On Tue, Jun 20, 2023 at 1:51 PM Marco Elver <elver@google.com> wrote: > > > Ah, right. I did a quick google to check when I was writing the > > response and found this: https://lwn.net/Articles/882963/. But looks > > like that cover letter is wrong and the documentation is right. I > > wonder what the point of the asymmetric mode is then. > > Maybe not as strong, but asymm mode makes sense from a microarch point > of view, where writes are always committed into a store buffer, but > reads can only commit when the data (incl. tag) is available. Yeah, I get that it can be a bit better than async with a similar slowdown, but there's little value in catching only reads from the security standpoint. > > So the current code that you have should work perfectly. The only > > change I'd like to see is in the documentation. > > Something like this (or more?) > > diff --git a/Documentation/dev-tools/kasan.rst b/Documentation/dev-tools/kasan.rst > index 7f37a46af574..3c58392d931e 100644 > --- a/Documentation/dev-tools/kasan.rst > +++ b/Documentation/dev-tools/kasan.rst > @@ -135,6 +135,8 @@ disabling KASAN altogether or controlling its features: > fault occurs, the information is stored in hardware (in the TFSR_EL1 > register for arm64). The kernel periodically checks the hardware and > only reports tag faults during these checks. > + Note that ``kasan.fault=panic_on_write`` results in panic for all > + asynchronously checked accesses. > Asymmetric mode: a bad access is detected synchronously on reads and > asynchronously on writes. Could you move this to the section that describes the kasan.fault flag? This seems more consistent. Thanks!

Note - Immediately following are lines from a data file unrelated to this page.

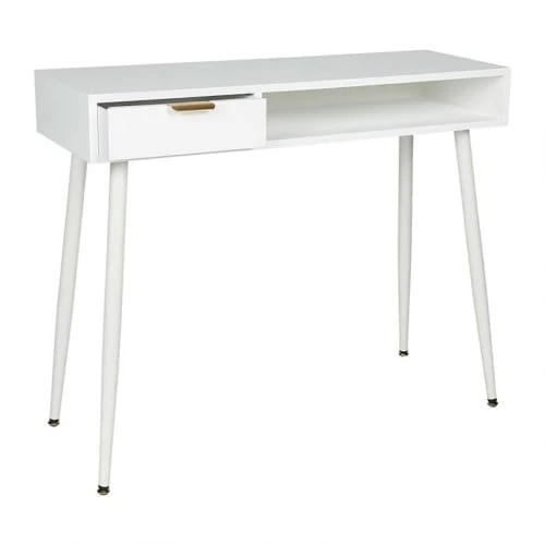 Conçue en bois, cette console blanche dispose d’un tiroir pour y ranger vos petits objets ainsi que d’une étagère ouverte pour y disposer divers documents.
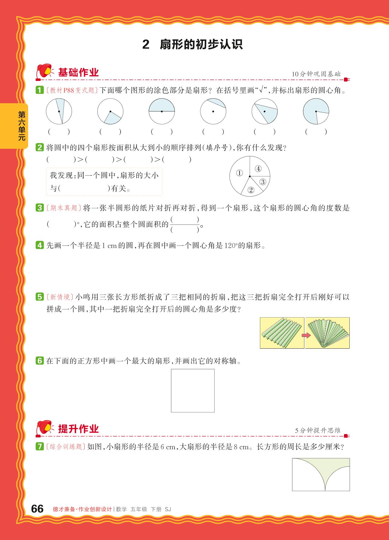 2024春下册五年级数学苏教版 第六单元 圆——2. 扇形的初步认识
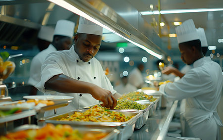 Men and women preparing fresh gourmet meals in commercial kitchens generated by artificial intelligence
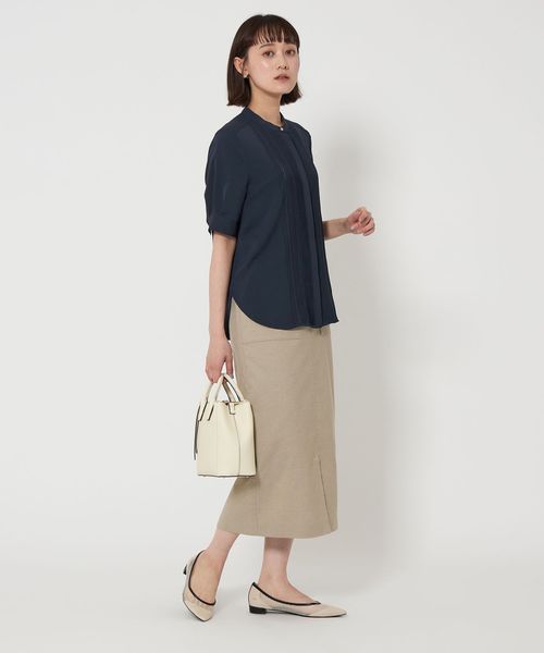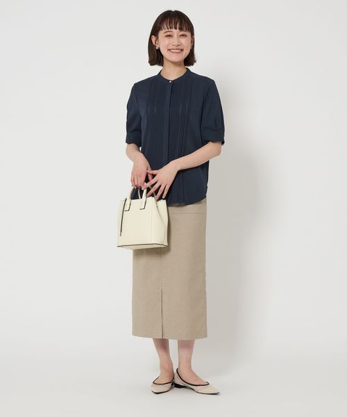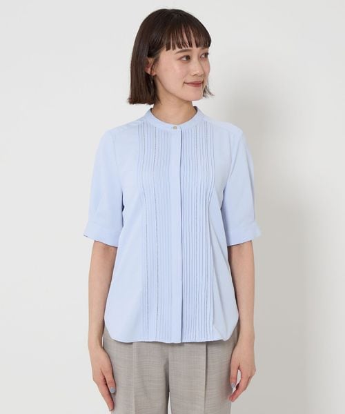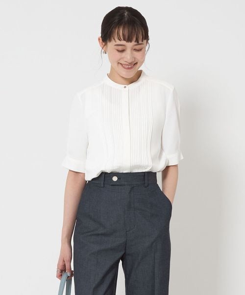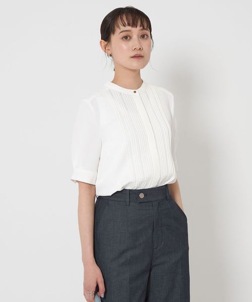 フロントに施されたピンタックデザインがポイントのブラウス。
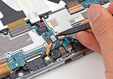 Сотрудник нашего сервисного центра проводит работу: заменяет проблемную деталь работоспособной фирменной деталью
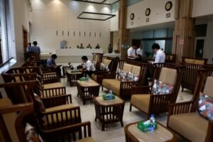 Japanese citizens sit in the lobby of the AJU Imperial hotel in Vithalapur village, Gujarat, India, August 26, 2025. REUTERS/Amit Dave
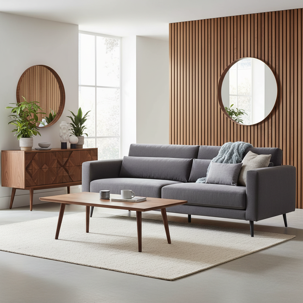 Give your living room a timeless mid-century modern appeal. A streamlined grey sofa with tapered legs works perfectly alongside walnut wood furniture, atomic-era inspired lighting, and abstract art. Introduce pops of orange or olive green for an authentic, retro-chic vibe.
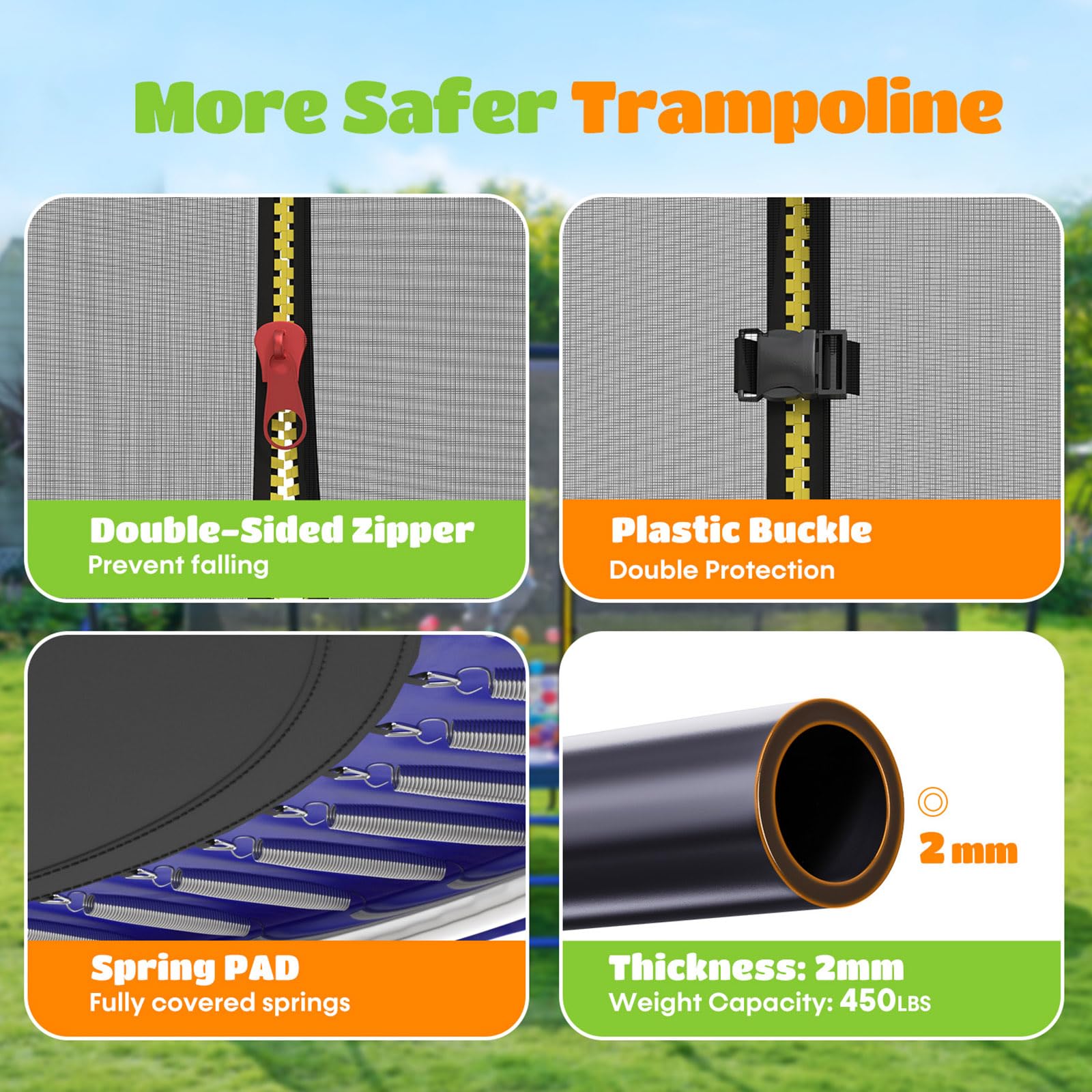 - 【Safer Structure】The 2023 upgraded ORCC trampoline features curved and thickened foam-wrapped safety poles, which increase the distance between jumpers and safety poles to prevent injuries caused by collision. Additionally, trampolines with curved safety poles provide better stability to the structure and it is not easy to roll over during the jumping process. Moreover, the reinforced safety net provides better support and can firmly hold the jumper.
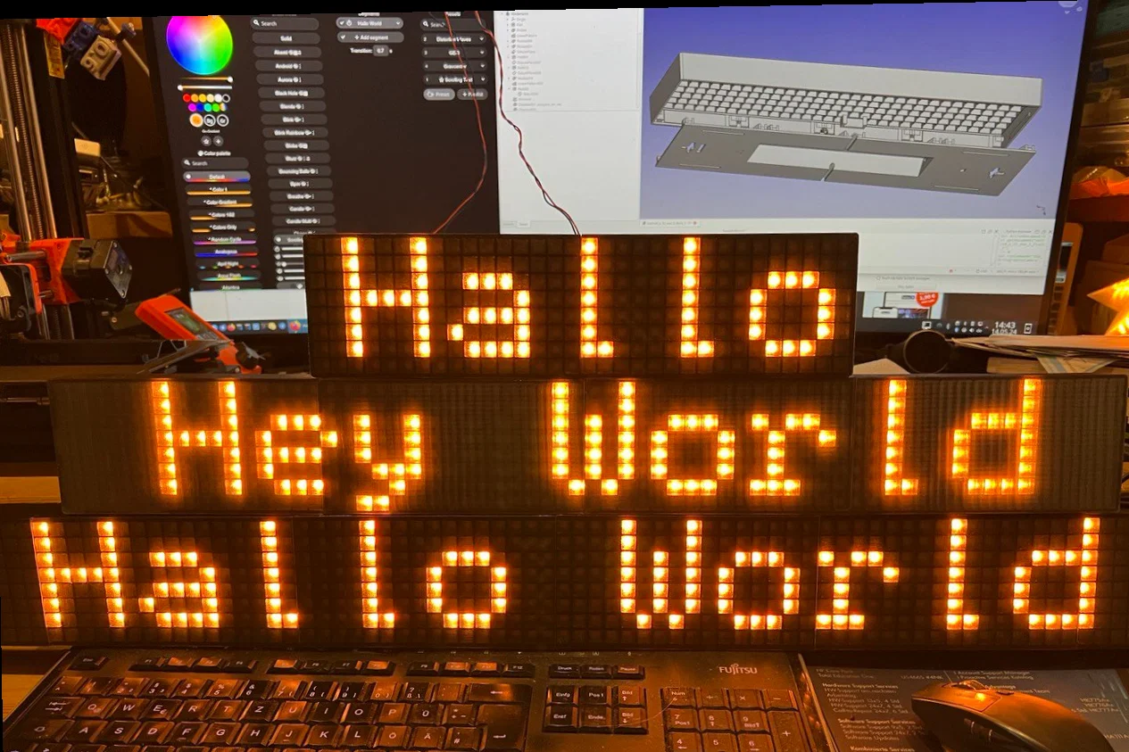 Khung cho LED matrix dẻo 8x32, có thể mở rộng lên 8x64 hoặc 8x96. Tích hợp diffusor ở mặt trước, hỗ trợ gắn IR receiver và digital microphone. Có hướng dẫn đổi filament và file 3mf cho Mini/XL.
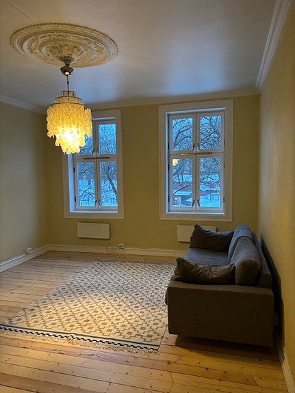 Leiligheten er nyoppussing og furugulv er slipt/lakkert på soverom og stue. Nytt kjøkken med hvitevarer, flott tregulv, nymalte flater i alle rom, og funksjonelt baderom med vaskemaskin. Leiligheten leies ut delvis møblert fra 1 februar med garderobeskap soverom og sofa i stue. Leiligheten har store vinduer som gir godt lys uten gjenboere, og vi er også åpne for korttidsutleie - min 6 mnd.
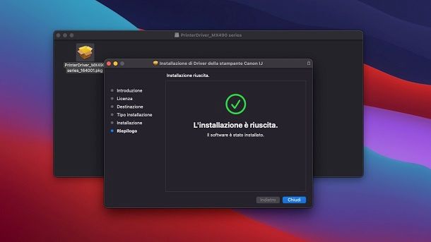 Aperto quest'ultimo, ti basta fare clic sull'icona PrinterDriver_[versione].pkg, premendo poi in successione sui tasti Continua per due volte consecutive, quindi su Accetta e Installa. Ti verrà in seguito richiesto di inserire la password locale, nonché di fare clic sui pulsanti Installa software e Chiudi per concludere la procedura.
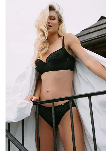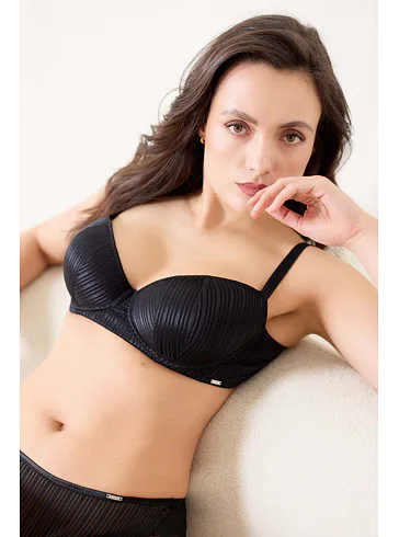Podprsenka v obľúbenom strihu balconette sa dokonale prispôsobí vašim krivkám. Flexi kostice zaistí maximálne pohodlie. Poskytne spoľahlivú oporu a poprsie dodá krásne okrúhly tvar. Má nastaviteľné ramienka a zapínanie vzadu na háčiky. Zaobstarajte si k podprsenke aj čierne nohavičky z limitovanej kolekcie.
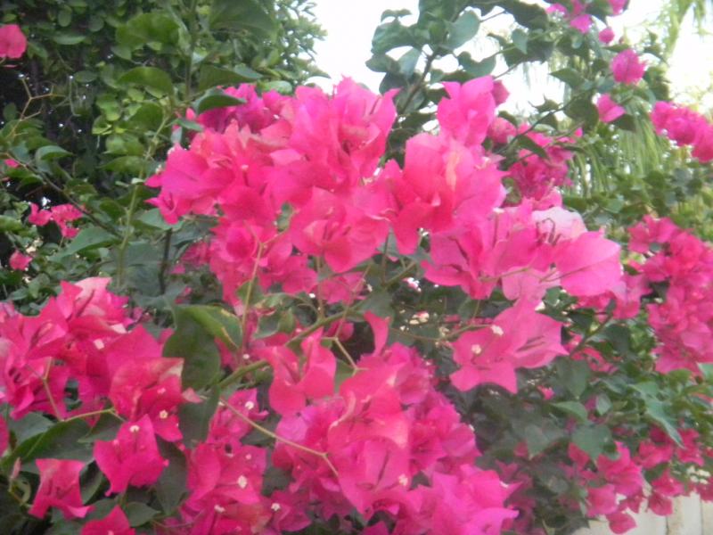 Those are Bougainvilla's. We used to have a pile of them, probably 20 in all kinds of different colors. Very pretty but I ended up hating them. They have killer needle like spikes 1-2 " long, all over the stems and make rose bushes and cactus feel like baby pricklies. They grow like weeds and have to be trimmed all the time which is when they hurt you. The flowers were always in the pool, also pretty but a pretty mess to clean up, we thought there was wedding in our back yard every day! Finally ripped them all out. The picture is from one that I trimmed that morning which was growing over the wall from the neighbor's yard. I'd sue him if he wasn't a lawyer!
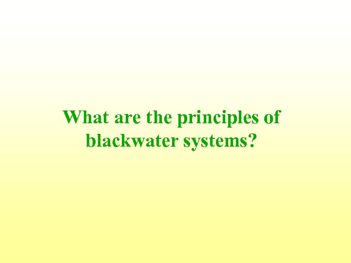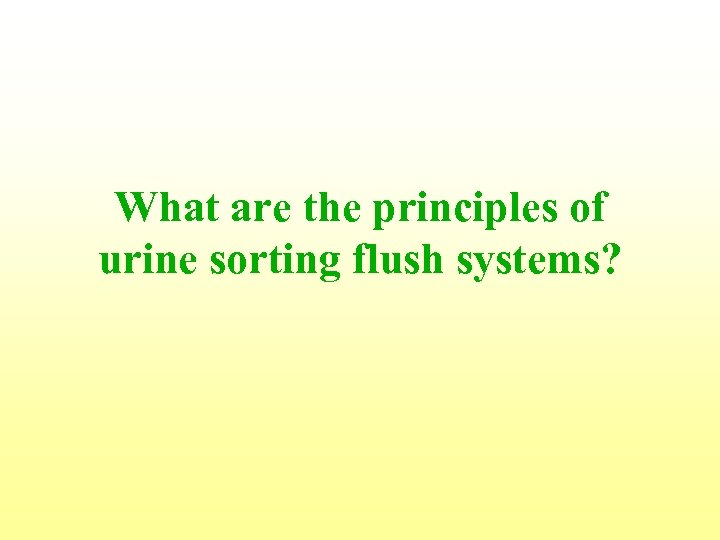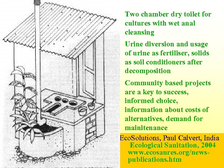 Two chamber dry toilet for cultures with wet anal cleansing Urine diversion and usage of urine as fertiliser, solids as soil conditioners after decomposition Community based projects are a key to success, informed choice, information about costs of alternatives, demand for mainitenance Eco. Solutions, Paul Calvert, India Ecological Sanitation, 2004 www. ecosanres. org/newspublications. htm
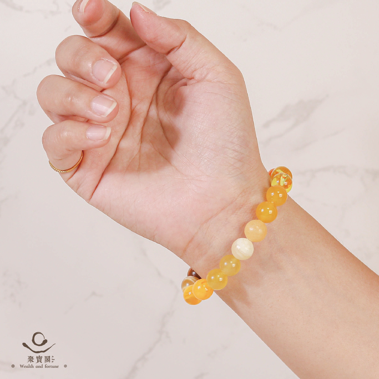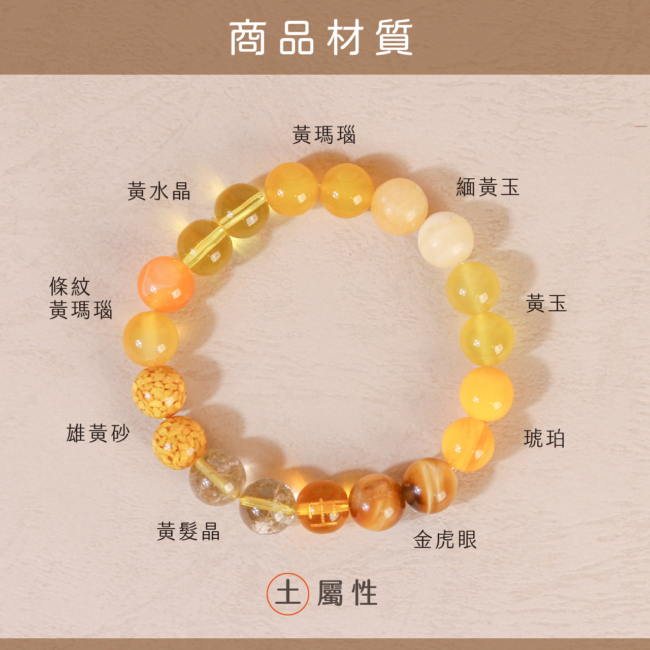 土屬性-天然瑪瑙五行轉運手珠|黃色|招財納運|舒緩身心|避邪|手鍊|手繩【聚寶閣】
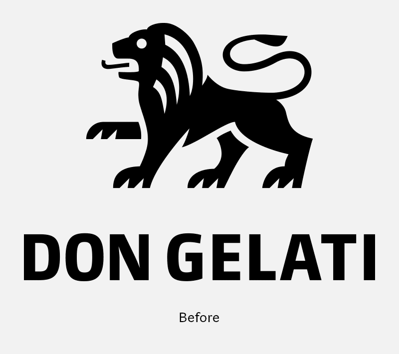 I gave the lion a new tongue that looks more like it’s licking ice cream. Furthermore, I smoothed the curves of the strands, back and tail. The word mark has become a touch bolder overall. I widened the letters D and G a bit, whereas N, E and L became a bit narrower. This gave room for a more harmonious spacing.
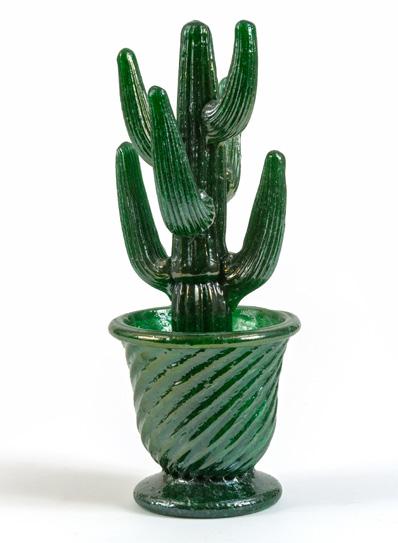 Una pianta grassa in vetro verde pulegoso. Altezza cm. 23.
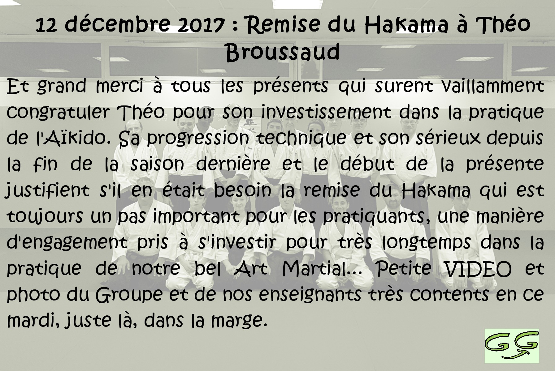 | 171212 - Remise du Hakama à Théo BROUSSAUD... le film | Et grand merci à tous les présents qui surent vaillamment congratuler Théo... Cliquer pour lire la suite. | ![]() |
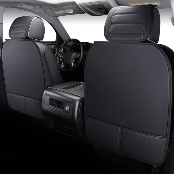 Premium leren autostoelhoezen voor auto's, SUV's en vrachtwagens - Voor- en achterbankbeschermer, op maat gemaakt ontwerp - Glad rasterpatroon 24
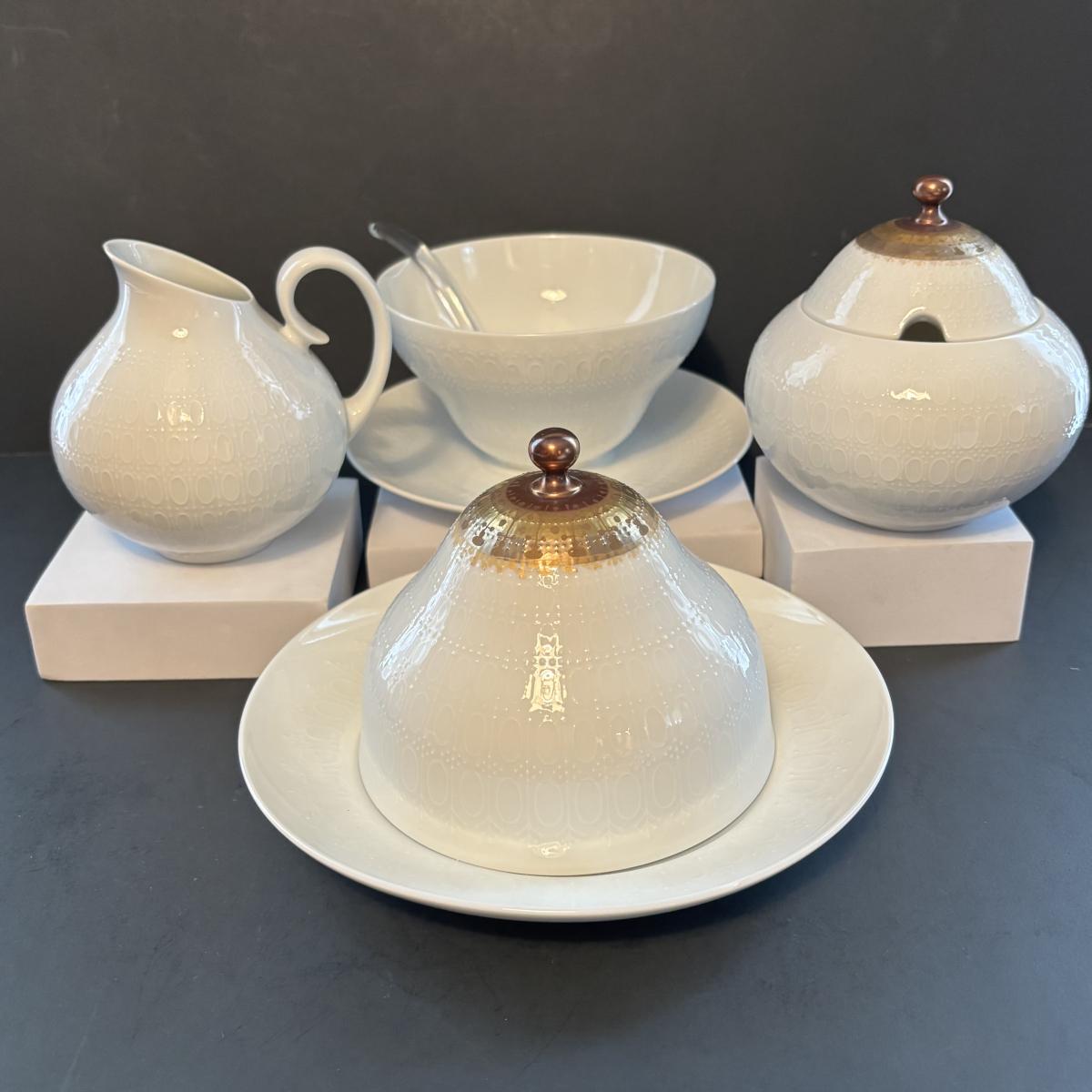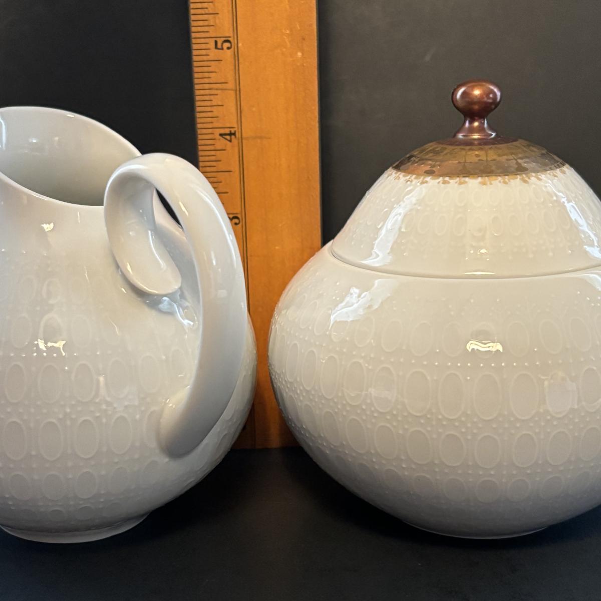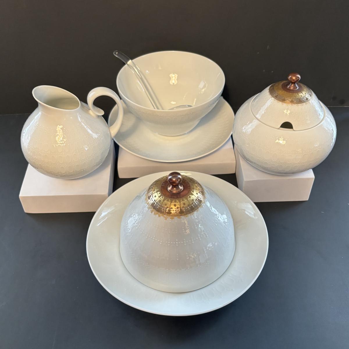 LOT 103: Vintage Rosenthal " Romance" Collection: Studio Line Cream & Sugar Set, Continental Cover Butter Dish & Gravy Boat w/Attached Underplate

On Tue, Jun 20, 2023 at 03:56PM +0200, Andrey Konovalov wrote: ... > Could you move this to the section that describes the kasan.fault > flag? This seems more consistent. Like this? diff --git a/Documentation/dev-tools/kasan.rst b/Documentation/dev-tools/kasan.rst index 7f37a46af574..f4acf9c2e90f 100644 --- a/Documentation/dev-tools/kasan.rst +++ b/Documentation/dev-tools/kasan.rst @@ -110,7 +110,9 @@ parameter can be used to control panic and reporting behaviour: - ``kasan.fault=report``, ``=panic``, or ``=panic_on_write`` controls whether to only print a KASAN report, panic the kernel, or panic the kernel on invalid writes only (default: ``report``). The panic happens even if - ``kasan_multi_shot`` is enabled. + ``kasan_multi_shot`` is enabled. Note that when using asynchronous mode of + Hardware Tag-Based KASAN, ``kasan.fault=panic_on_write`` always panics on + asynchronously checked accesses (including reads). Software and Hardware Tag-Based KASAN modes (see the section about various modes below) support altering stack trace collection behavior:
On Tue, Jun 20, 2023 at 4:49 PM Marco Elver <elver@google.com> wrote: > > On Tue, Jun 20, 2023 at 03:56PM +0200, Andrey Konovalov wrote: > ... > > Could you move this to the section that describes the kasan.fault > > flag? This seems more consistent. > > Like this? > > > diff --git a/Documentation/dev-tools/kasan.rst b/Documentation/dev-tools/kasan.rst > index 7f37a46af574..f4acf9c2e90f 100644 > --- a/Documentation/dev-tools/kasan.rst > +++ b/Documentation/dev-tools/kasan.rst > @@ -110,7 +110,9 @@ parameter can be used to control panic and reporting behaviour: > - ``kasan.fault=report``, ``=panic``, or ``=panic_on_write`` controls whether > to only print a KASAN report, panic the kernel, or panic the kernel on > invalid writes only (default: ``report``). The panic happens even if > - ``kasan_multi_shot`` is enabled. > + ``kasan_multi_shot`` is enabled. Note that when using asynchronous mode of > + Hardware Tag-Based KASAN, ``kasan.fault=panic_on_write`` always panics on > + asynchronously checked accesses (including reads). > > Software and Hardware Tag-Based KASAN modes (see the section about various > modes below) support altering stack trace collection behavior: Yes, this looks great! Thanks!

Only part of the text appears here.